Design Biennial Boston Brings Four Architectural Installations to the Greenway

The works exhibit emerging local talent and will remain on view through September.

The fourth Design Biennial Boston, a showcase of the city’s emerging talents in architecture, landscaping, and design, kicked off with an opening reception last night, bringing four site-specific installations to the Rose Kennedy Greenway through September.

The program, sponsored by the Mayor’s Office of New Urban Mechanics, the Boston Art Commission, pinkcomma gallery, BSA Space, and the Greenway, held an open call for entries earlier this year. In March, a panel of distinguished professionals and academics within the design field chose the four winning firms—Christina Parreño Architecture, GLD, Landing Studio, and MASS Design Group. Each team received a $1,000 honorarium and a budget of $4,000 to create installations for the Greenway.

“Boston has a vibrant talent pool of designers, and these four installations remind us of how creative artists can be when given opportunities,” said Mayor Walsh in a press release. “Boston is on its way to becoming a municipal arts leader, and implementing this type of exciting and thoughtful work into the public realm is what gets us closer to that goal.”

The resulting installations include a 17-foot high landmark constructed from 350 custom-fabricated glass blocks, an interior space consisting of a series of chambers enclosed by resin-infused fiberglass, a field of 18 reconstituted wharf pilings that were recycled from a Boston Harbor shipyard, and a lattice-like intimate gathering space created from more than 1,000 wood and metal components.
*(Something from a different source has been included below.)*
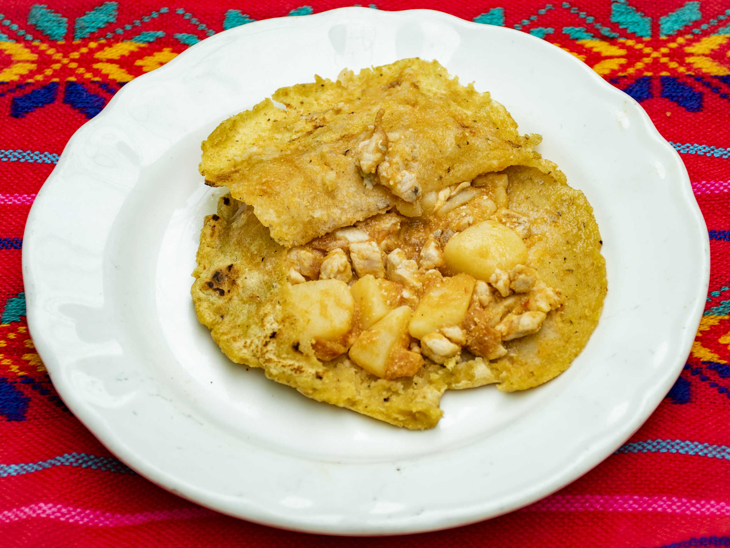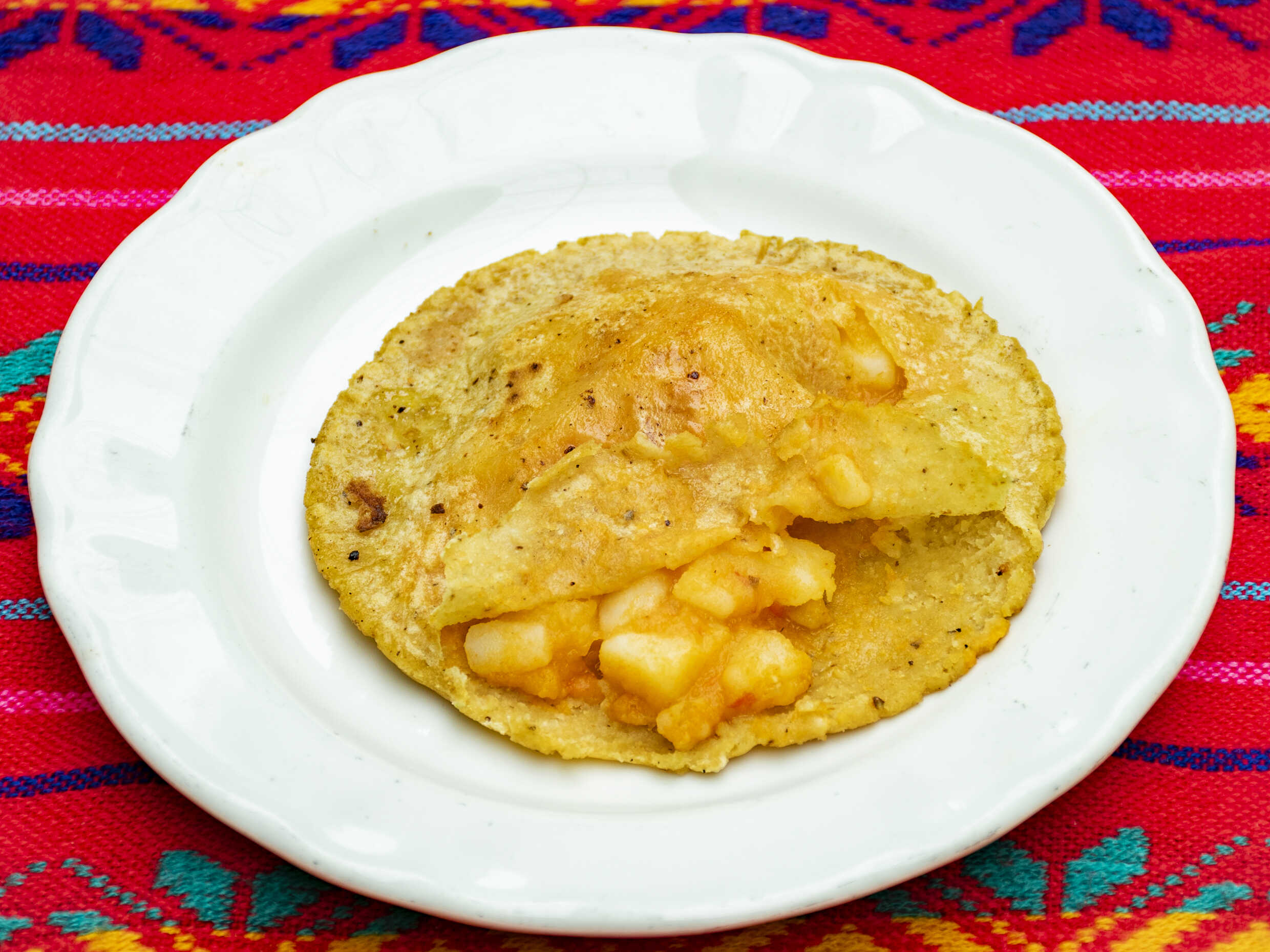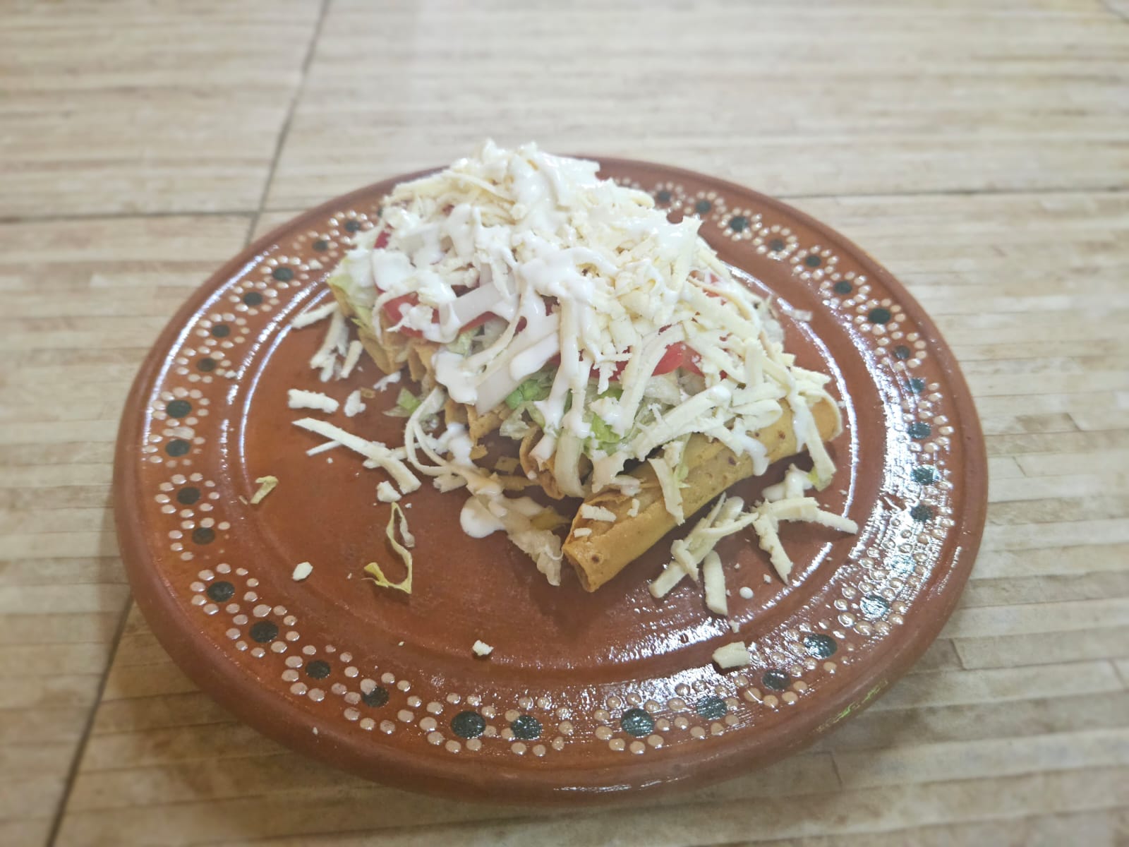 6 tortillas de maíz rellenas de papa preparadas lechuga jitomate cebolla crema y queso salsa

Additionally, each team’s previous design work and ideas behind the installations, are presented in an exhibit at BSA Space on Congress Street. Visitors are encouraged to tour the exhibit and then make their way onto the Greenway, where the works are dispersed underneath Janet Echelman’s monumental floating sculpture.


Photos provided

 

The Design Biennial Boston works are located on two blocks along Atlantic Avenue, the first with three installations between Congress and Pearl Streets, the second with one installation nearest to High Street. They will remain on view through September 25. The accompanying exhibit is located at BSA Space inside the Atlantic Wharf building on 290 Congress Street, Suite 200.